Как-то в середине девяностых я оказался случайным свидетелем беглого диалога двух поэтов – московского и петербургского. Возвращая автору только что прочитанную рукопись, петербуржец бросил москвичу знаменательную реплику. Что-то вроде: “А ты, Юра, пожалуйста, больше никогда не пиши женских стихов”. В этой рискованной формулировке под “женскими” стихами подразумевались тексты, содержащие эмоции, принадлежащие конкретному человеку, обусловленные некими событиями его внешней и внутренней жизни. Айзенберг “женских” стихов не писал никогда, в его подборках и книгах нечем поживиться тем, кто чает найти в поэзии рецепты “воспитания чувств”. И эта отстраненность от персональности ощущений носит вовсе не концептуалистский характер, сколь бы близко не общался в жизни Михаил Айзенберг с корифеями московского концептуализма.
В том-то и дело, что обостренная персональность в стихах присутствует, да только как бы поверх конкретных впечатлений и эмоций, это именно персональность вообще, а не конкретное личностное ощущение:
Нет следов ни добра, ни яда.
Стихи Айзенберга нередко вызывают впечатление автоматического письма, почти магической невозможности сосредоточиться на существенном, необходимости сновидчески говорить обо всем сразу:
все, что мы наговорили, что увидели.
И тогда-то, государыня-бессоница,
замыкаются твои предохранители.
Поэт ничего не обещает, не только рецептов жизни, но и откровений о себе, и это еще одно удивительное свойство лирики Айзенберга, лишенной традиционного лирического героя:
Что это тянется там, волочится?
Что это ходит за мной по пятам?
В окна стучится –
что это там?
Голос Михаила Айзенберга в современной поэзии в своем роде единственный.

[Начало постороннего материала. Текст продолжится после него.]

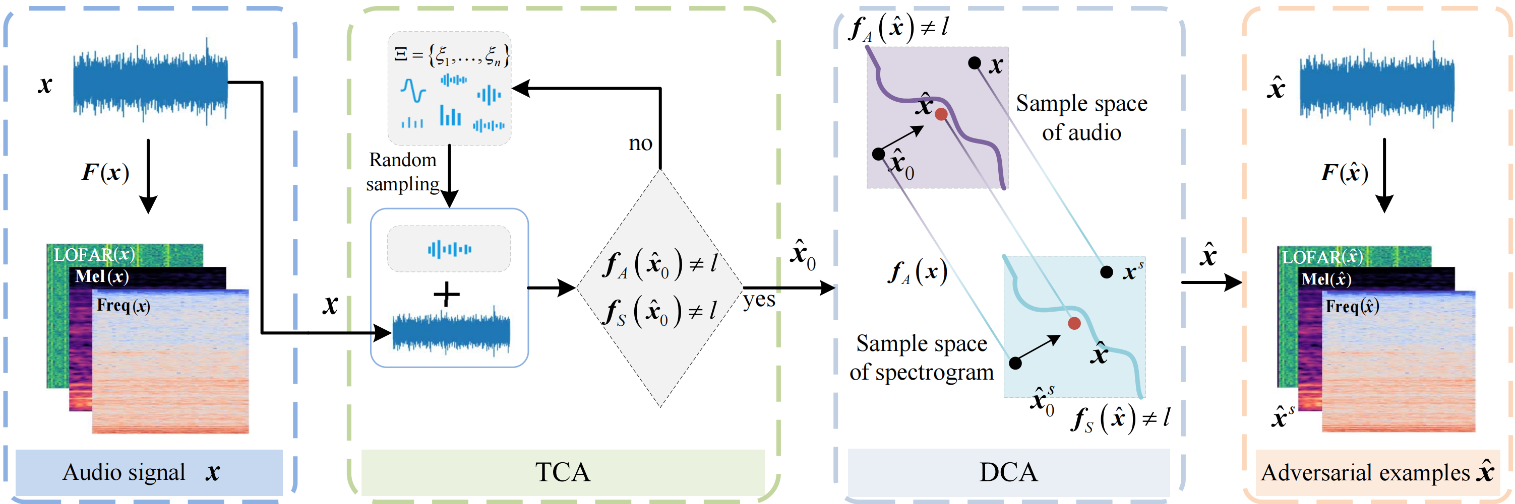 对抗攻击又称为智能欺骗,是一种针对人工智能技术的反问题研究。今年我院发表成果旨在研究多媒体领域的人工智能对抗攻击方法,聚焦于人工智能技术的安全问题。论文提出了一个细分研究方向—跨介质、跨模态的音频对抗攻击,即如何设计通过扰动同时欺骗音频识别模型和谱图识别模型,并保证其在空气和海水等传播介质中均有效。在该篇论文中,作者首次提出了跨介质攻击概念,并对跨模态攻击进行了定义,即单一来源的信号在经过不同介质和不同模态的传播和转换后,能够持续欺骗人工智能模型,极大提高了对抗攻击的泛化能力和鲁棒性。目前音频领域对抗攻击绝大部分都是在声波上进行,也有少量在谱图上进行,但并没有研究人员关注音频转化为谱图后是否依旧能欺骗目标模型。目前深度学习模型越来越复杂,在无法得知内部结构和参数的前提下,攻击者很难得知模型是以哪种处理模态对音频信号进行识别的,但目前可查的案例中并没有研究同时攻击以音频为输入的识别模型和以谱图为输入的识别模型。

Его ни с кем невозможно спутать. Однако этот голос звучит не для всех. Тех, кто в стихах ищет гармоничных ритмов и глубоко личных откровений, просим не беспокоиться понапрасну.

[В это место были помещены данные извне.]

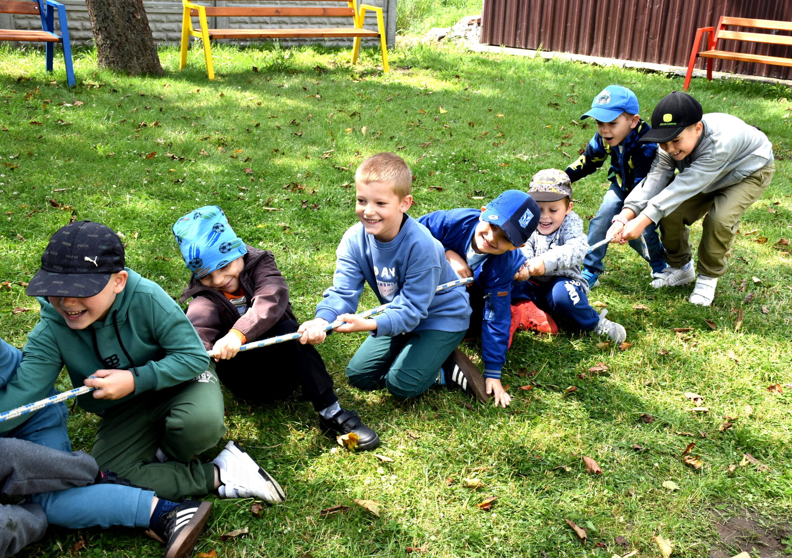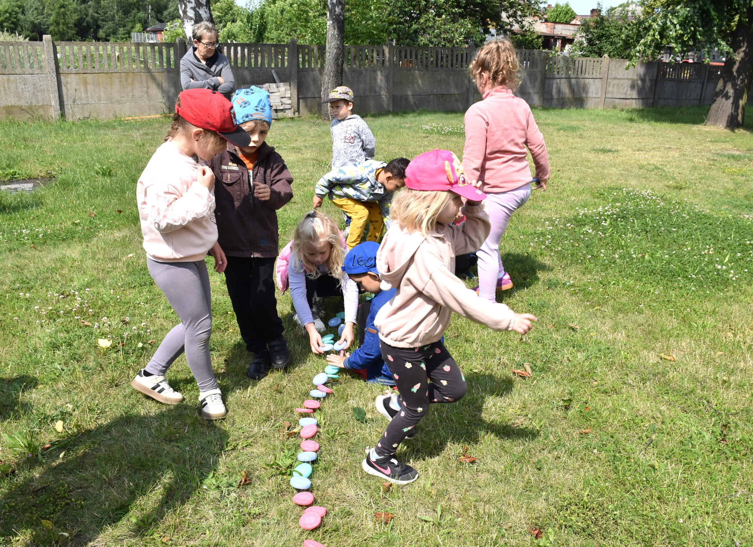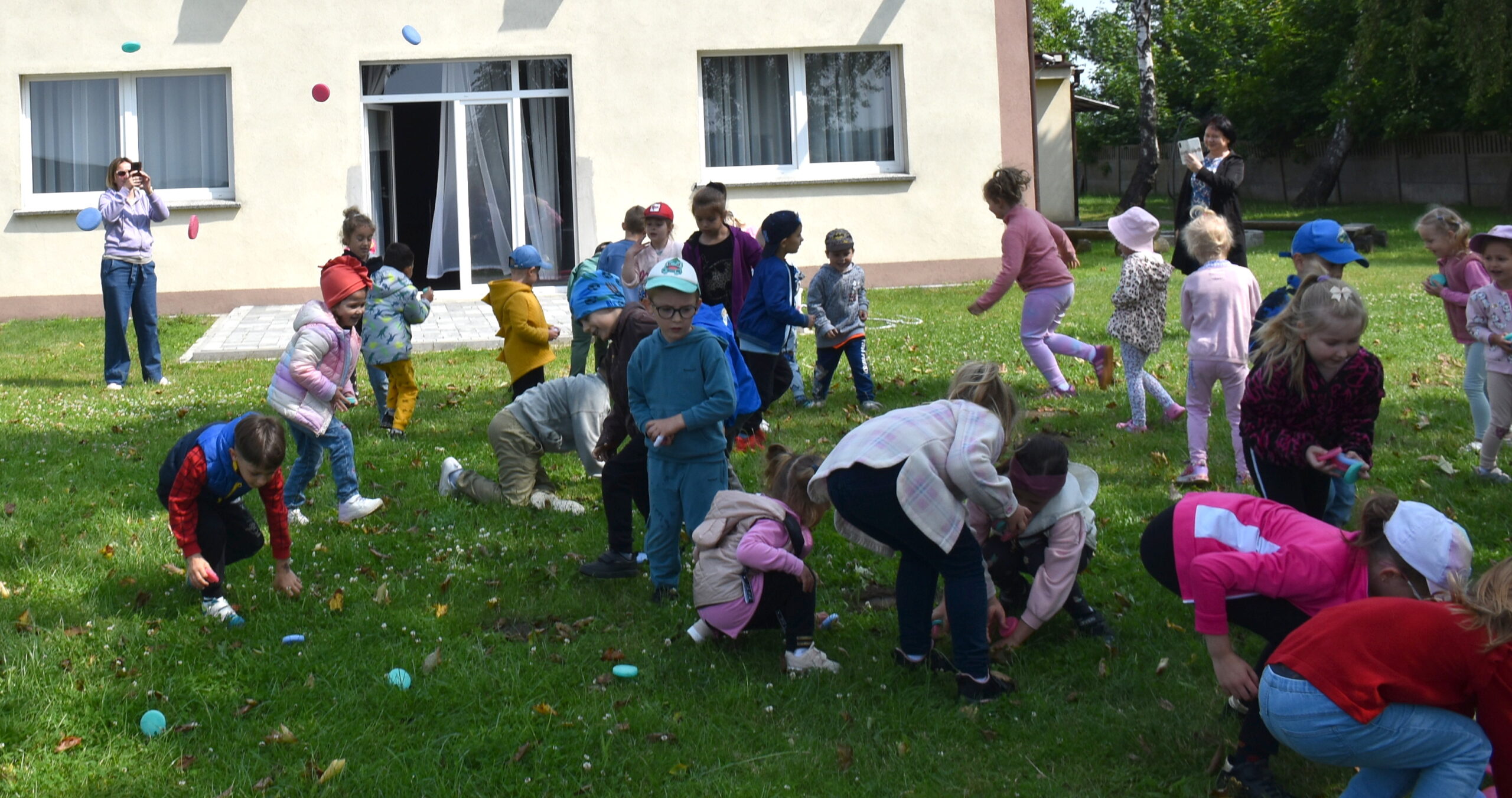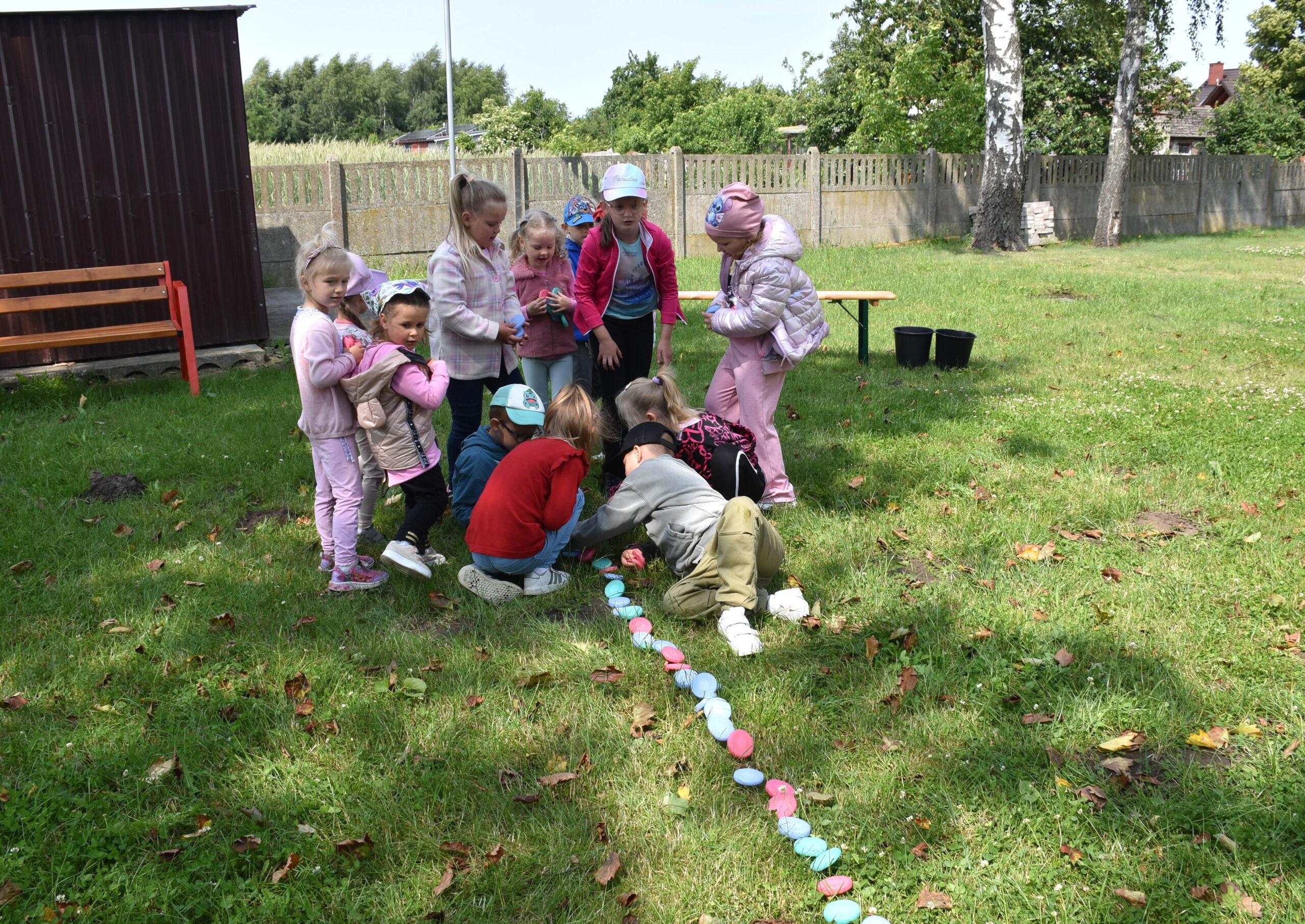 Ogromną radość sprawił animator Tomczak Event, który zorganizował szereg zabaw ruchowych na świeżym powietrzu. Przedszkolaki aktywnie uczestniczyły w wyścigach rzędów i innych konkurencjach sportowych. Nie zabrakło przeciągania liny, przenoszenia wody czy układania piankowych krążków.

Максим Амелин, или “Собирайся с духом, пока свободен…”
С мнениями и толкованиями стихам Максима Амелина повезло. Его ругали, хвалили, даже сгоряча прощения просили в рецензиях. Апогей обсуждений и горячих споров случился тому назад лет уже пять-шесть, после выхода в свет третьей книги стихов “Конь Горгоны” (2003), удостоенной нескольких премий. Нынешний Амелин находится в тени новых (порой скороспелых и недолговечных) поэтов-лауреатов и поэтов-фаворитов, объявившихся на небосклоне во второй половине двухтысячных. О чем говорит затишье в обсуждении стихов поэта – о кризисе и растерянности? О возмужании и накоплении новых серьезных сил? Для ответа на эти вопросы неизбежно придется сопоставлять день нынешний и день минувший.

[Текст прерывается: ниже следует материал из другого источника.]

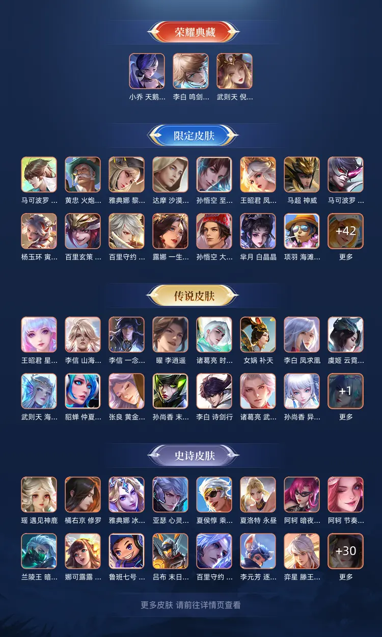 本游戏账号: V10用户,基础段位:至尊星耀V,英雄多,皮肤多。典藏皮肤3个,感受典藏皮肤带来的优质体验快感,FMVP皮肤7个,尽情享受FMVP皮肤带来的主角光环, 私人所属英雄皮肤有:李白 鸣剑·曳影||武则天 倪克斯神谕||小乔 天鹅之梦孙尚香 末日机甲||澜 电玩·雷克斯||李白 诗剑行||武则天 海洋之心||貂蝉 仲夏夜之梦||张良 黄金白羊座,等等

В начальную пору первых своих заметных публикаций Амелин выступил как непримиримый ненавистник всех тогдашних стилистических и тематических новаций. Посреди очередного периода авангардной раскованности русского стиха раздался глас, ратующий сбросить современность с парохода вечности. Знаток русских и античных древностей, переводчик латинской поэзии, Амелин стремился вдохнуть жизнь в причудливые метрические формы, употреблял лексику (“Нет нощеденства без ликовства…”), некоторым резавшую слух похлеще обсценной. Его “вечными спутниками” и собеседниками в поэзии были Языков и Баратынский, Пиндар и Катулл.
“Поэт-творец” во многих тогдашних стихотворениях Амелина представал в облике “мастера-стихотворца”: трезвого, склонного к аналитической ясности наблюдателя вселенских, космических событий, свидетельствующих о логичной соразмерности мира, о “Божием величестве”. Личное звучало неброско, стускленно, – только в перспективе вечного любая эмоция обрамлялась нейтрализующими аллегориями и перифразами:
проступит хохлома…
Это говорил человек не на самом деле стареющий, но рассуждающий о старении. “Ломоносовские” (равно как и до-ломоносовские, даже античные) интонации всячески акцентировались. В стихах Амелина властвовали столетия, созвездия и прочий глагол времен, авторское же сознание последовательно очищалось от личностной конкретности и уникальности. Впрочем, только предельно наивному в своем неведении (а порою – в благородном возмущении) читателю могло (либо – может и до сих пор) показаться, что с ним высокопарно беседует некий одописец, упивающийся надмирным совершенством бытия, чуждым “простых человеческих дел”. На деле уход в поэтическую старину означал вовсе не уклонение от личного, но отказ от лишнего, пренебрежение чрезмерностью, излишеством мелких чувствований и торопливых реакций на злободневные события, которыми грешили многие стихотворцы раннего постсоветского времени:
я ставлю прочерк вместо да и нет…
Что ж, подобная уверенность в собственной абсолютной “профессиональной” прозорливости недалека от холодного и отстраненного сальеризма (“Ты, Моцарт, бог, но сам того не знаешь, Я знаю, я…). Однако уверенность эта вовсе не приводит к сальеристским же заблуждениям насчет шансов поверить гармонию алгеброй. Амелин словно бы существует в своем восемнадцатом (а то и семнадцатом) веке, когда все эти бесконечные сомнения и метания еще не народились на свет. Поэт тщательно, со знанием дела воспроизводит событие допушкинского, доромантического поэтического высказывания, в контуры которого не вписывается самонаблюдение и роковая несовместимость с (по Жуковскому) “невыразимым” миром; отсюда самая, пожалуй, знаменитая строка Максима Амелина:
Скажем теперь самое главное. Эта сложная реконструкция давно ушедшего поэтического мироощущения, “повторение пройденного” на поверку оказывается вовсе не архаикой, а крайней модернизацией! Любая попытка дублирования известного оборачивается ремейком хотя бы уже потому, что нельзя дважды войти в одну реку. Вот почему враг “постмодерна без берегов” Амелин неизбежно впадает в постмодернистскую игру с готовыми смыслами, которые преображаются в результате простого повторения и помещения в новый контекст.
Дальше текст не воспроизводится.